Government Should Adopt Nuclear Power To Achieve Net Zero, Business Group Says


The government should “stop bowing to the melodrama of eco-alarmists like Greta Thunberg” and “go nuclear and fracking,” said John Longworth, chairman of the Independent Business Network (IBN).

The family business association argues that the two energy sources could be key elements of an alternative and profitable path to net zero carbon emissions by 2050.

Longworth criticized the government’s plans to raise taxes and rely more on ‘trendy’ energy sources such as wind power to meet its climate goals.

He believes it will “stifle competitiveness, drive out innovation and impose extraordinary costs on an economy struggling to recover from the pandemic.”

IBN stresses that nuclear power is the cheapest and most consistent source of low-carbon electricity.

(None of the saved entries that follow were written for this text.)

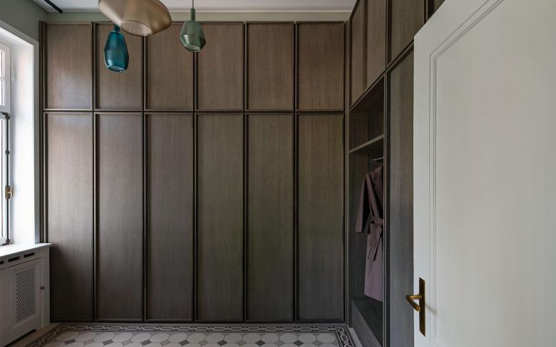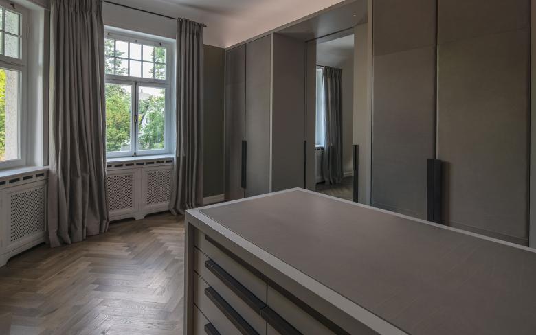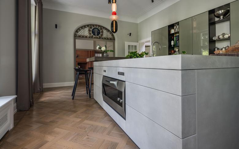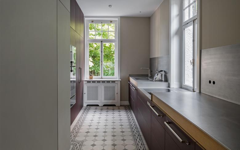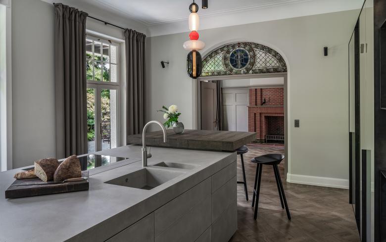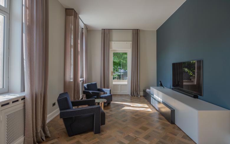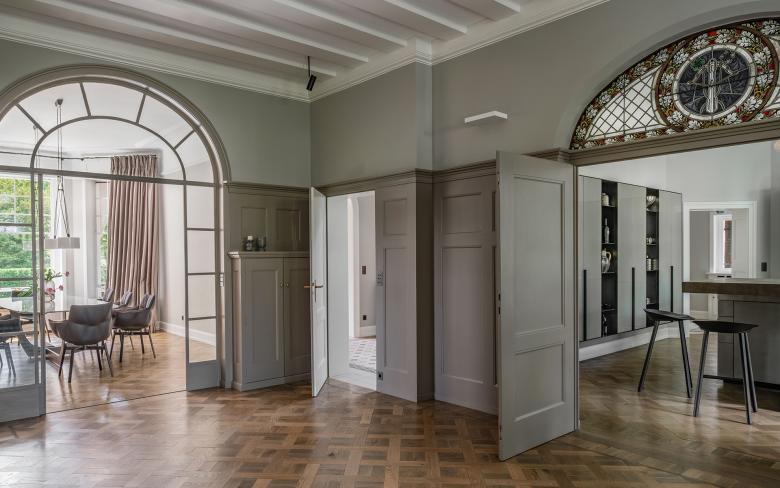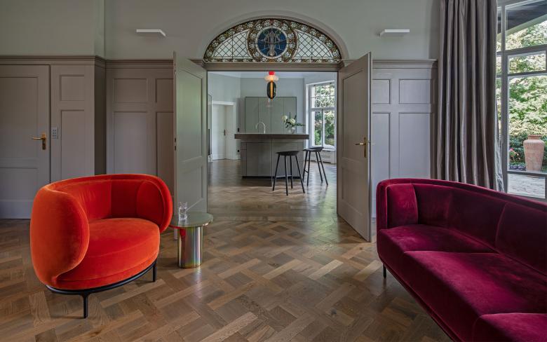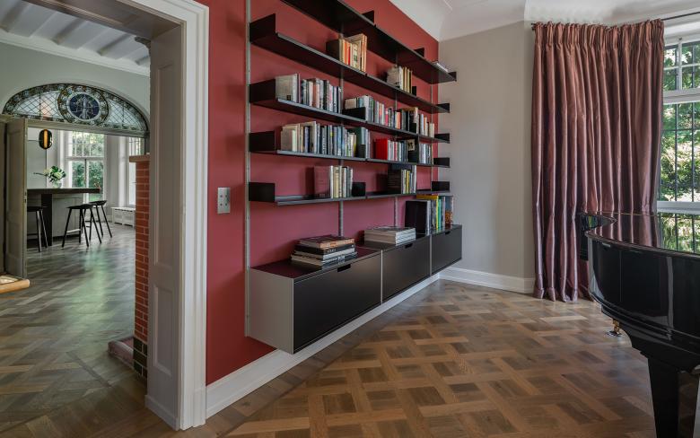 Fenster, Türen, das komplette Holzwerk, der Stuck und die historische Treppe im Eingangsbereich werden restauriert oder originalgetreu nachgebaut. Die neuen Bodenfliesen sind nach historischen Vorbildern aus gebranntem Feinstein-Steinzeug gefertigt. Die ebenfalls neuen Garderobenschränke aus geräuchertem Eichenholz bilden dank ihrer feingliedrigen Rahmenstruktur das stilistische Bindeglied in die heutige Zeit. Nach dem Entrée gelangt man in das zentrale Kaminzimmer. Von hier aus hat man Zugang zur Küche, zur Bibliothek und zum TV-Zimmer. Diese repräsentativen Wohnräume sind mit exklusivem neuem Tafelparkett aus geräuchertem Eichenholz ausgestattet. Die Wände des Kaminzimmers sind umlaufend mit einer kassettierten bauzeitlichen Wandbekleidung versehen. Der historische Kamin ist von dicken Farbschichten befreit und zeigt stolz seine rotes Klinkermauerwerk. Die neuen Eigentümer möchten in den anderen Wohnräumen auch gerne deutliche Farbakzente setzen. Die Wand hinter dem Fernseher ist tintenblau gestrichen und in der Bibliothek leuchtet die Wand hinter dem Regal von Dieter Rams in einem Fuchsia-Ton. Die Küche präsentiert sich farblich zurückhaltend. Die Küchenschränke sind eukalyptusfarben hochglänzend lackiert und in brünierten Flachstahlrahmen eingefasst. Über der zentralen Kochinsel aus grauem Beton sorgt die rote Glaskugel der Pepples-Leuchte von Boris Klimek für einen strahlenden Farbtupfer.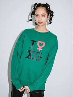 【デザイン】・X-girl定番シルエットの裏毛素材のクルーネックスウェット。・NEW YORKのお土産風の『アイラブXGIRLロゴ』に、女の子マーク&ハートを組み合わせたロゴがポイント。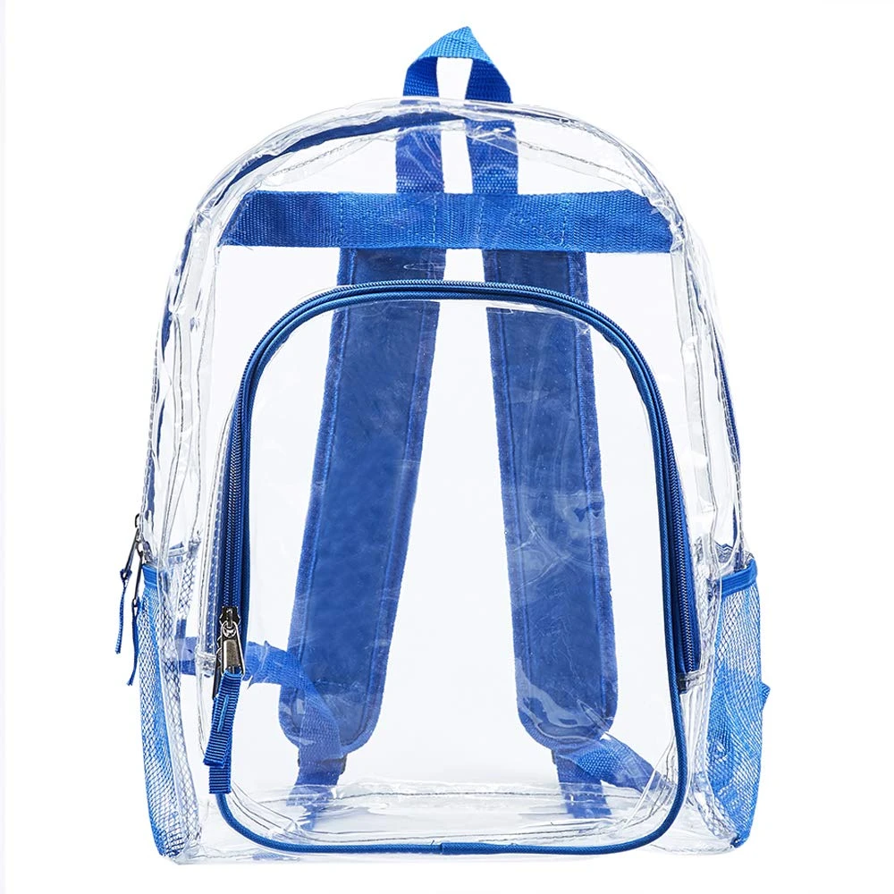- [ Heavy Duty Clear Backpack ] Made of heavy duty comply with cold-resistant CP65, no harmful chemicals Clear PVC waterproof material, Main dual Zipper closure Transparent Backpack with Completely see through all around, including back and bottom. Which is perfect for travel, security, stadium sports and much more!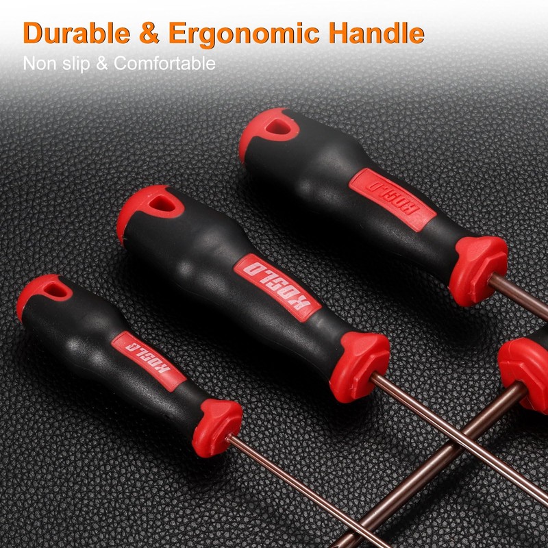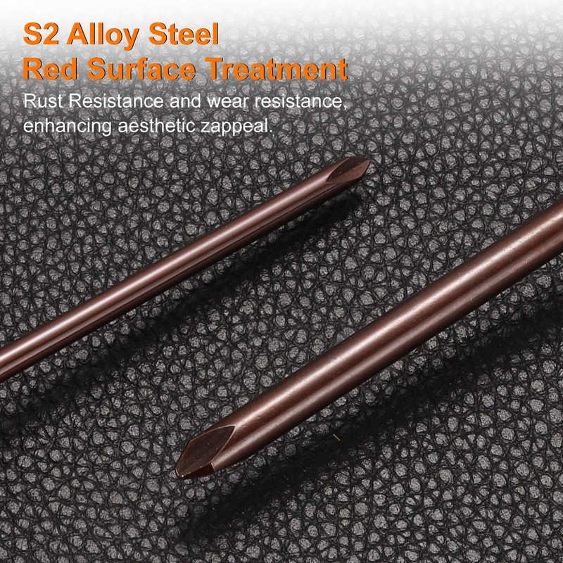 - Material - Made of heat-treated S2 alloy steel with a red surface treatment feature excellent rust resistance and wear resistance, while also enhancing aesthetic appeal. The double injected high impact PP+TPR handle provides a comfortable grip and ergonomic design for efficient power transmission during repairs and crafts.

On a long-term cost basis, it is 65% lower than that of gas with carbon capture and storage (CCS) and 36% lower than that of onshore wind.

Therefore, he argues that the government should prioritize the mass replication of existing power plant designs, as has been done with EDF Energy’s Sizewell C, where a saving of 20% is expected.

Longworth said: “Nuclear may not sound cute, but it is cost effective, environmentally friendly, safe and secure. Unlike wind, we can accurately predict how much electricity will be delivered to the national grid on any given day.

IBN is also pushing the government to embrace hydraulic fracturing again and drop its moratorium on the practice.

He sees the import of gas over great distances to be a key factor in increasing carbon emissions, which can also jeopardize the UK’s energy security.

Russia, a major supplier of gas to Europe, has been engaged in energy disputes with the EU in recent months.

Longworth concluded: “As the business community recovers from the biggest peacetime disaster it has faced, the Prime Minister must give up populist headlines and do what science tells us instead. Businesses are counting on it.

Business Secretary Kwasi Kwarteng recently unveiled his intention to invest significantly in nuclear energy with the Nuclear Energy (Funding) Bill.